◆ What the task asks
In the entries below, begin at the line that has "Jika ditemukan adanya" and stop after the line that has "Eye-catching pink rhinestone"; output those lines exactly, leaving out pictures.

◆ Information given
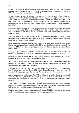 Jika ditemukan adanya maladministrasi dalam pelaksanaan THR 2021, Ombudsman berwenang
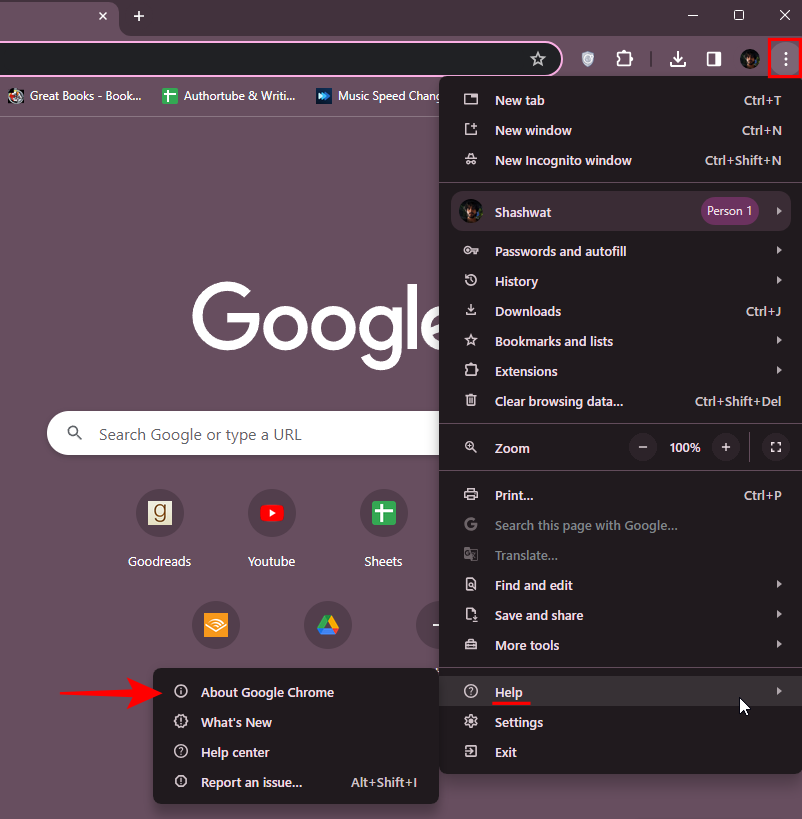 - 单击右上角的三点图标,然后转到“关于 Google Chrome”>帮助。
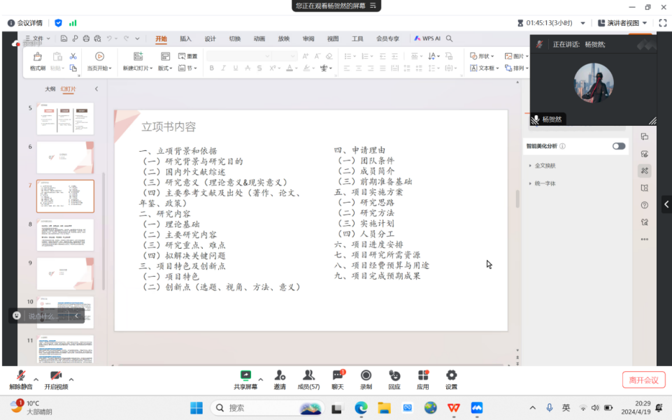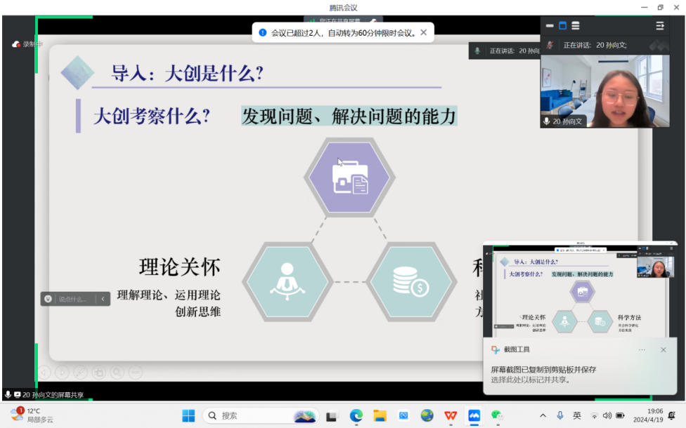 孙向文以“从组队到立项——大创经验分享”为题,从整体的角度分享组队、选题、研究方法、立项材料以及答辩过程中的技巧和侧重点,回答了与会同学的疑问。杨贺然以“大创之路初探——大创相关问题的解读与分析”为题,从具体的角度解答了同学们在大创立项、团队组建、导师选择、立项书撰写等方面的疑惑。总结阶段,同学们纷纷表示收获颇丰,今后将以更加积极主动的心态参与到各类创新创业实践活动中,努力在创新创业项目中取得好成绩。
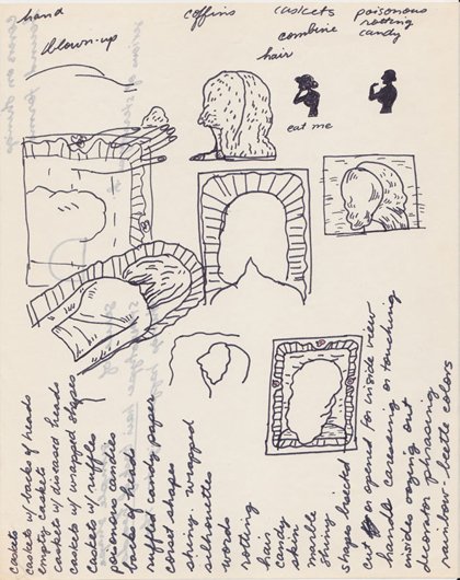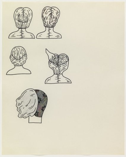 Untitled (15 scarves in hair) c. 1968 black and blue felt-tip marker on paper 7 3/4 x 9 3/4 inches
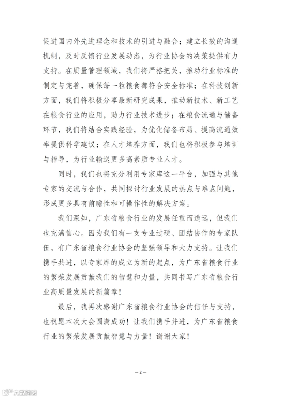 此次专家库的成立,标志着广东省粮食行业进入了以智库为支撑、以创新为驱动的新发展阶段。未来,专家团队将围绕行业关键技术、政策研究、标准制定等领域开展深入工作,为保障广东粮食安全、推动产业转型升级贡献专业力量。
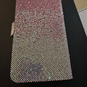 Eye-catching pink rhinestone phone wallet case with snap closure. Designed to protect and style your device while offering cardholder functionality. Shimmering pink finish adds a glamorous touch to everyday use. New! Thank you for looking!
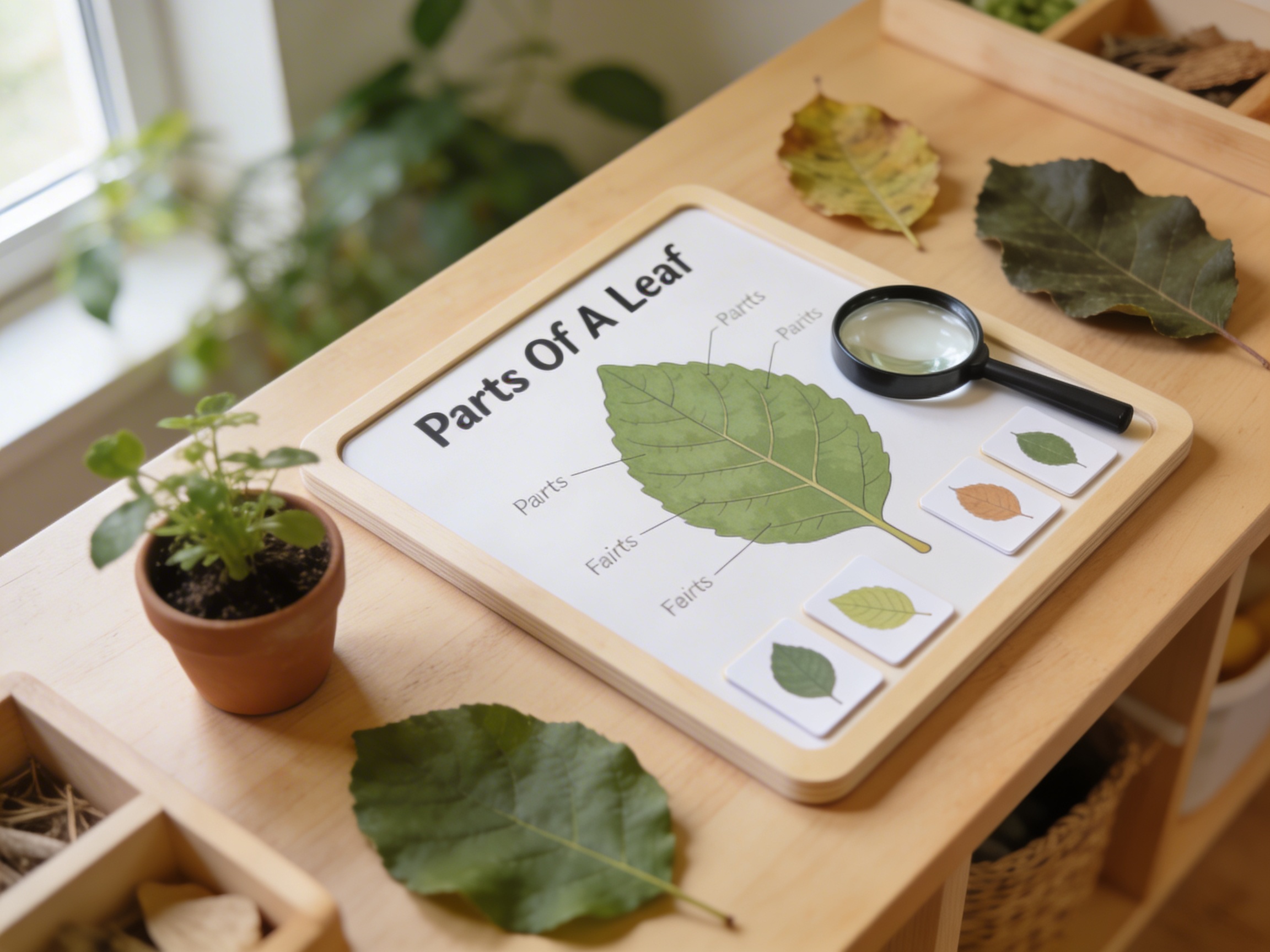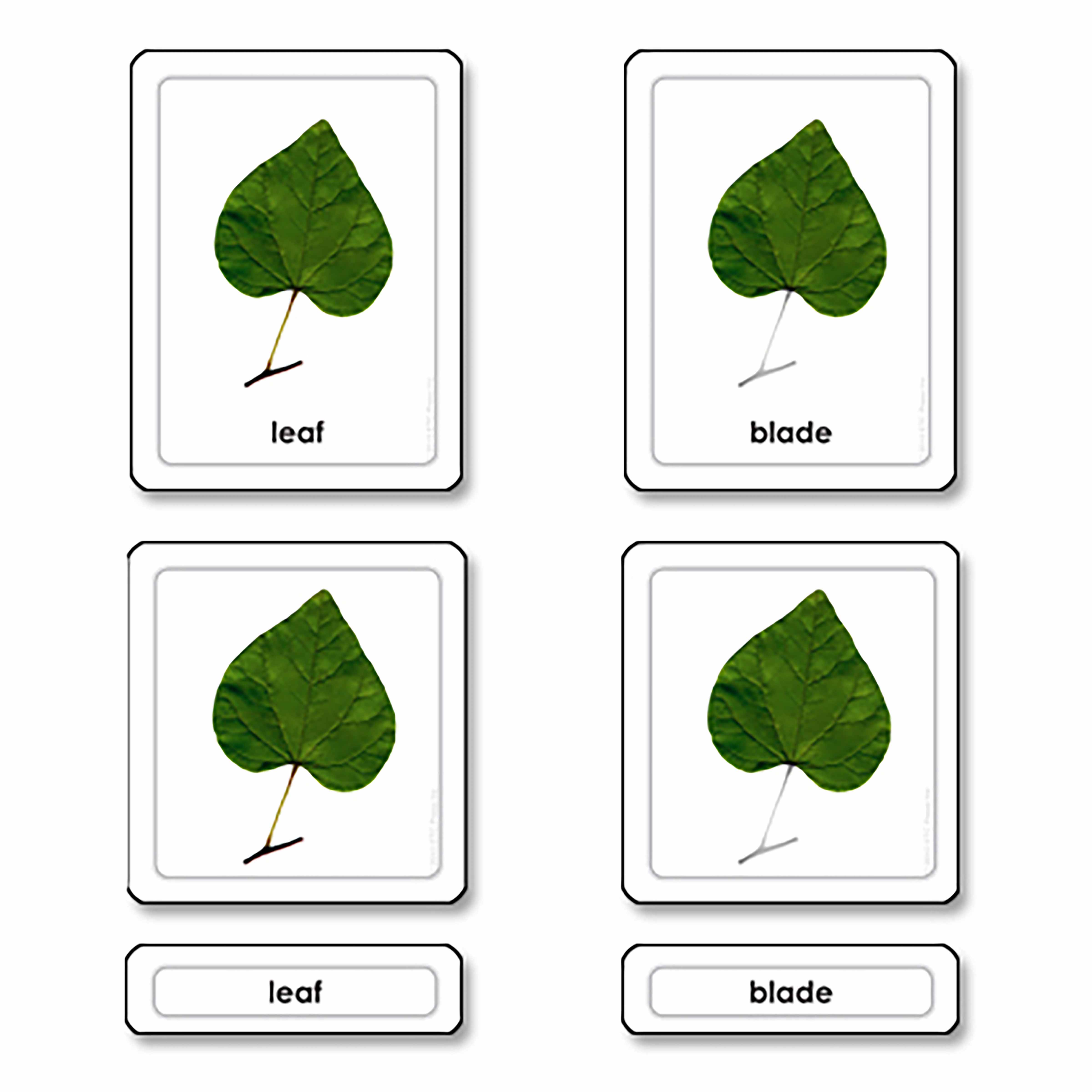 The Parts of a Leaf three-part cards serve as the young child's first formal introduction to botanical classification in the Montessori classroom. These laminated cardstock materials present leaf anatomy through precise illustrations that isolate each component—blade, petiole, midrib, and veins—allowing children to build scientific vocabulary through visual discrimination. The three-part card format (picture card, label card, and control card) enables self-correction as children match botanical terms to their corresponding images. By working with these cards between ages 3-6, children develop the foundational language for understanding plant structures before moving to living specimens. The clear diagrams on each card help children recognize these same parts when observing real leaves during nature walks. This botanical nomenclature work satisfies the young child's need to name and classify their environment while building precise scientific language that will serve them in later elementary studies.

...

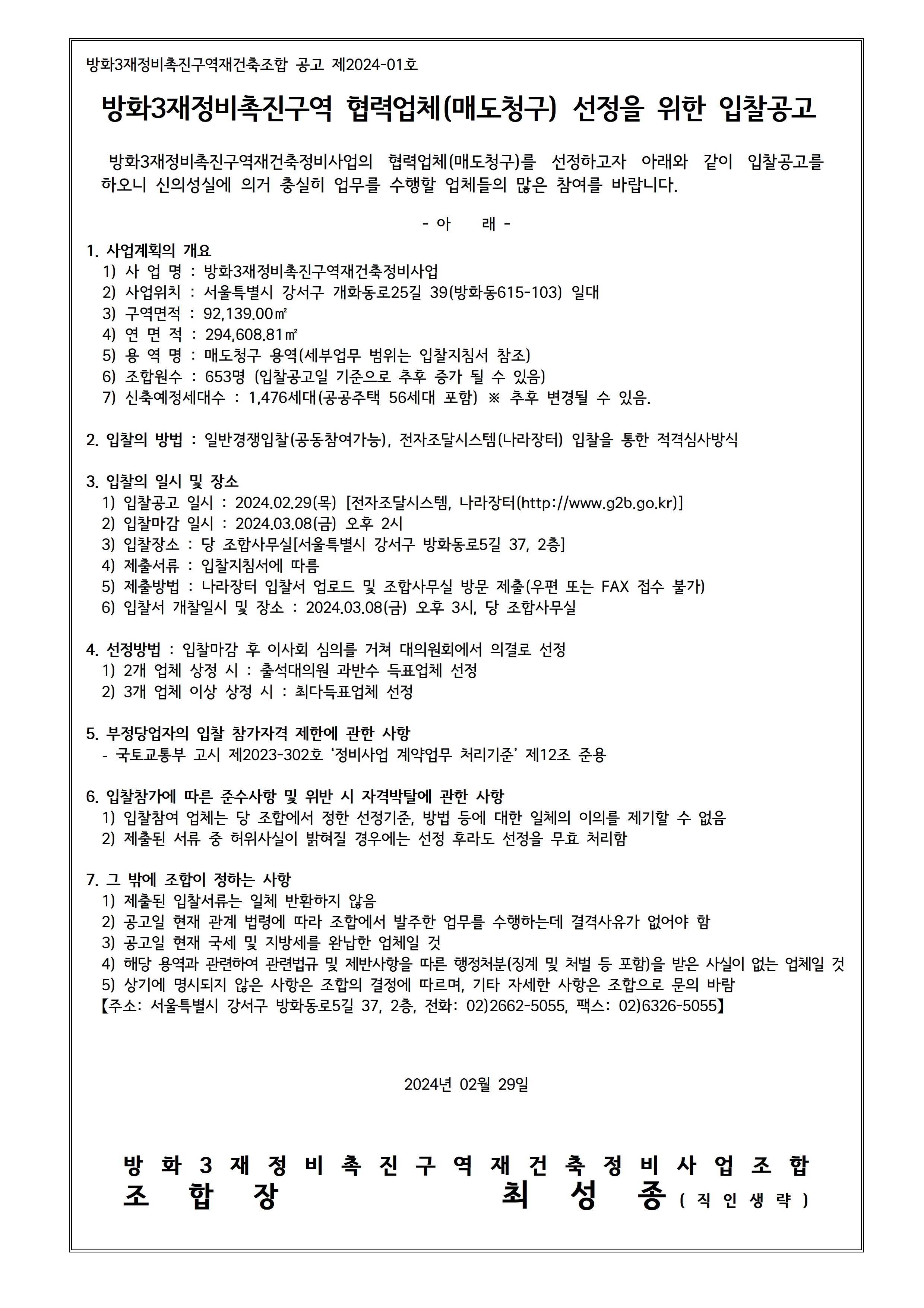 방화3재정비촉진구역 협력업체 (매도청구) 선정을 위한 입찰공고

◆ Written solution
 Jika ditemukan adanya maladministrasi dalam pelaksanaan THR 2021, Ombudsman berwenang
 - 单击右上角的三点图标,然后转到“关于 Google Chrome”>帮助。
 孙向文以“从组队到立项——大创经验分享”为题,从整体的角度分享组队、选题、研究方法、立项材料以及答辩过程中的技巧和侧重点,回答了与会同学的疑问。杨贺然以“大创之路初探——大创相关问题的解读与分析”为题,从具体的角度解答了同学们在大创立项、团队组建、导师选择、立项书撰写等方面的疑惑。总结阶段,同学们纷纷表示收获颇丰,今后将以更加积极主动的心态参与到各类创新创业实践活动中,努力在创新创业项目中取得好成绩。
 Untitled (15 scarves in hair) c. 1968 black and blue felt-tip marker on paper 7 3/4 x 9 3/4 inches
 此次专家库的成立,标志着广东省粮食行业进入了以智库为支撑、以创新为驱动的新发展阶段。未来,专家团队将围绕行业关键技术、政策研究、标准制定等领域开展深入工作,为保障广东粮食安全、推动产业转型升级贡献专业力量。
 Eye-catching pink rhinestone phone wallet case with snap closure. Designed to protect and style your device while offering cardholder functionality. Shimmering pink finish adds a glamorous touch to everyday use. New! Thank you for looking!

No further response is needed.